*DATA EXTRACTS:*
☆ ☆ ☆ ☆ ☆
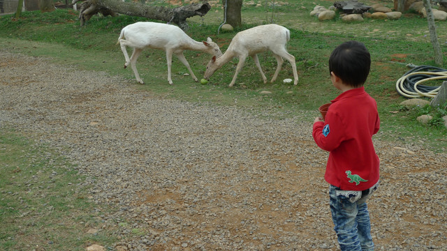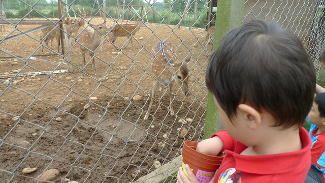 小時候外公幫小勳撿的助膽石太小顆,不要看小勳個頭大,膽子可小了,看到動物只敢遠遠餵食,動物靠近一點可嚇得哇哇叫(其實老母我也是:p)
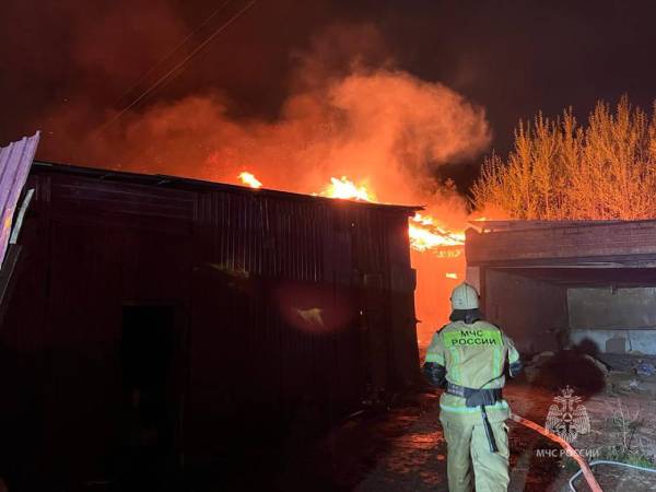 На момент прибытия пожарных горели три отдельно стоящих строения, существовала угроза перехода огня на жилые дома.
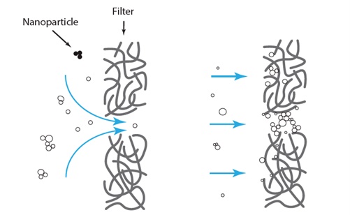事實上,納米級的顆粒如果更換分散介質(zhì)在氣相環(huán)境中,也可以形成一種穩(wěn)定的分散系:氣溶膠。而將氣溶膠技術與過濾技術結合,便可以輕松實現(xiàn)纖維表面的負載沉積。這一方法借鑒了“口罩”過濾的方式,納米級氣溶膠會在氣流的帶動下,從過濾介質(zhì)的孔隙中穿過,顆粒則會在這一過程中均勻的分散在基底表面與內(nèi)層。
☆ ☆ ☆ ☆ ☆
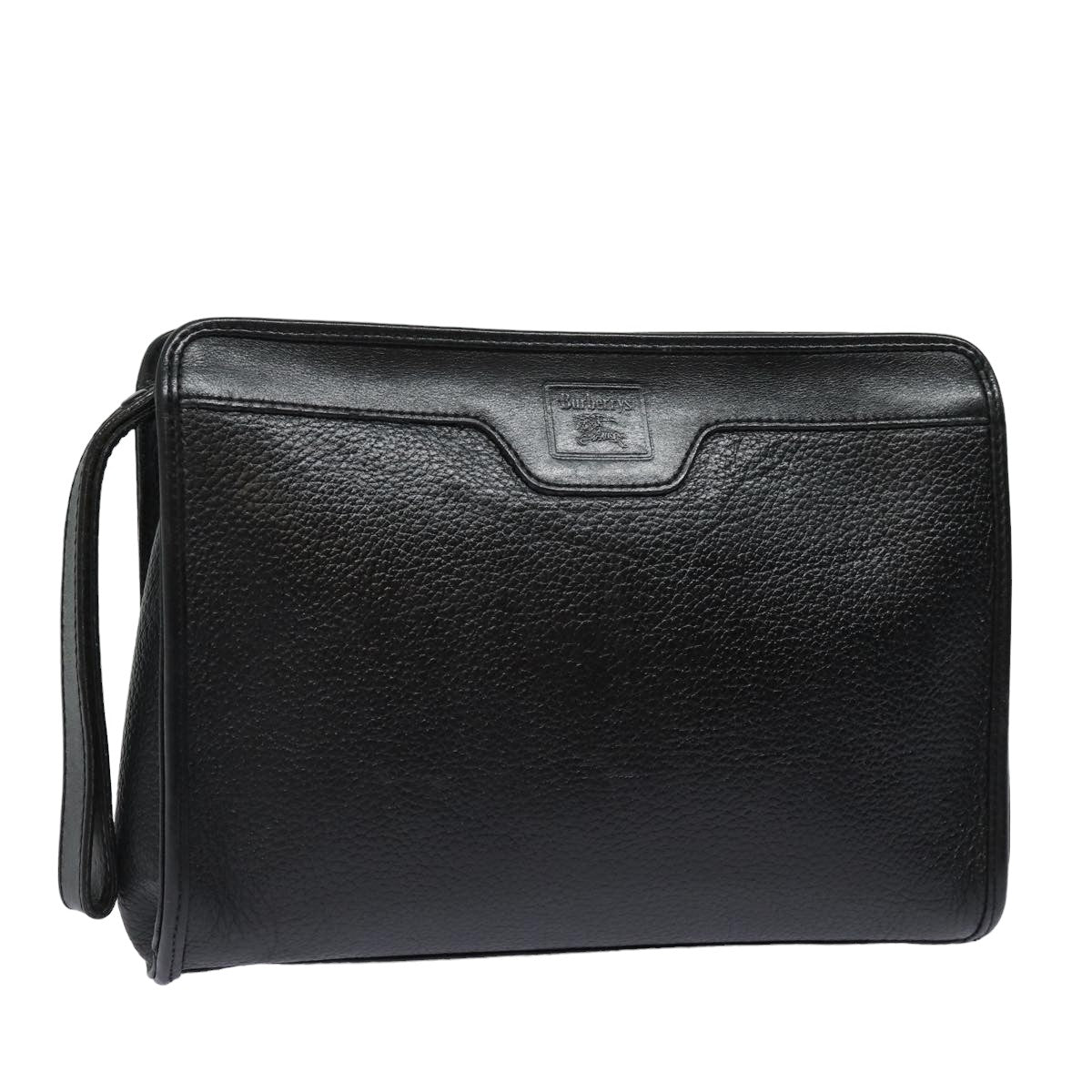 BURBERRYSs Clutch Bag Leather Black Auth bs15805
☆ ☆ ☆ ☆ ☆
*AIM OF THE TASK:* Out of the records above, set down only the lines from the one that contains "На момент прибытия" through the one that contains "事實上,納米級的顆粒如果更換", unchanged and without the pictures.

*EXPECTED ANSWER:*
 На момент прибытия пожарных горели три отдельно стоящих строения, существовала угроза перехода огня на жилые дома.
事實上,納米級的顆粒如果更換分散介質(zhì)在氣相環(huán)境中,也可以形成一種穩(wěn)定的分散系:氣溶膠。而將氣溶膠技術與過濾技術結合,便可以輕松實現(xiàn)纖維表面的負載沉積。這一方法借鑒了“口罩”過濾的方式,納米級氣溶膠會在氣流的帶動下,從過濾介質(zhì)的孔隙中穿過,顆粒則會在這一過程中均勻的分散在基底表面與內(nèi)層。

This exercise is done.